Dismissal of an employee's refusal to adhere to the "fun and pro" culture of his employer ruled null and void | Transfer of professional emails to personal email | Employees’ travel time can be effective working time
Dismissal of an employee refusing to adhere to the "fun and pro" culture of his employer ruled null and void
A consultant (manager in a consultancy firm) was dismissed due to various reasons including his expressed misalignment with the company’s “fun and pro” culture and vocal criticism. He claimed that his dismissal was null and void as it was at least in part motivated by his opinion against said culture. He underlined the fact that the firm’s culture involved Friday drinks, week-end parties and various events entailing drinking, and stressed that the partners encouraged inappropriate practices such as bullying and arguably overly close relationship between employees.
In a decision rendered on November 9th, 2022, the French Supreme Court ruled in his favor. It reiterated the fact that employees enjoy freedom of expression which is a constitutionally protected right and cannot be disciplined for exercising this right in a non-abusive manner. The court also stressed that even if there were other grounds supporting the dismissal, the fact that one of the motives related to the employee’s freedom of expression was enough to trigger annulment, in the absence of an abusive exercise of this right.
This decision highlights the extent to which “fundamental rights” have become increasingly present in the employment relationship and should be kept in mind when it comes to taking disciplinary action against an employee for his or her statements or opinions.
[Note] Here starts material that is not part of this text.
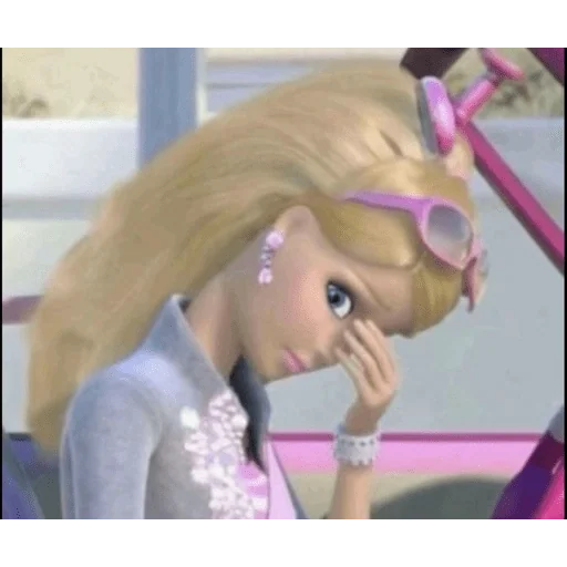 Uma menina loira com óculos de sol rosa está com a mão no rosto, parecendo preocupada ou confusa.
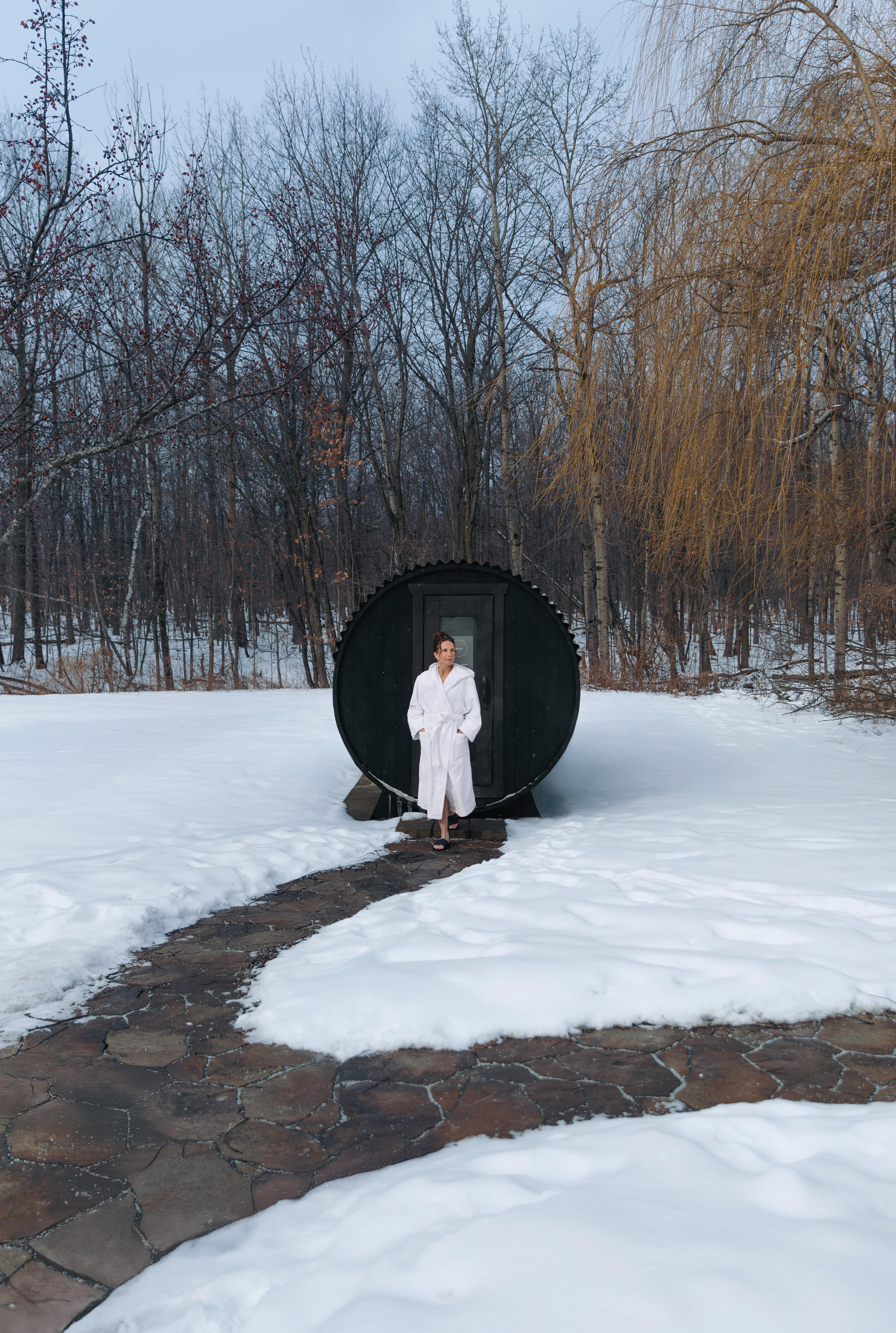 2. Winter appears like a painting in the background as you become one with the heat in the Finnish sauna.

An employee can only transfer to his personal email account professional emails that are useful for his defense
The French Supreme Court has already recognized that an employee may use, in the context of judicial litigation, corporate documents photocopied without the employer's knowledge. However, it sets two conditions that must be met in order for the employee to escape a conviction for theft:
- the employee must have obtained the documents during the performance of his or her duties,
- these documents must be necessary for the exercise of the rights of defense.
In a recent case, an employee had transferred 256 work-related e-mails to his personal e-mail account immediately after having been summoned to a meeting in view of his dismissal. His employer dismissed him for gross misconduct because of this.
The Court of Appeal held that there was no gross misconduct for the 4 following reasons:
- these professional documents sent before the preliminary meeting could be necessary for his defense,
- the employee was subject to a confidentiality duty,
- he had signed the company’s I.T. policy which referred to the principle of confidentiality without expressly prohibiting the transfer of e-mails,
- the employer did not provide evidence that the documents were disclosed to third parties.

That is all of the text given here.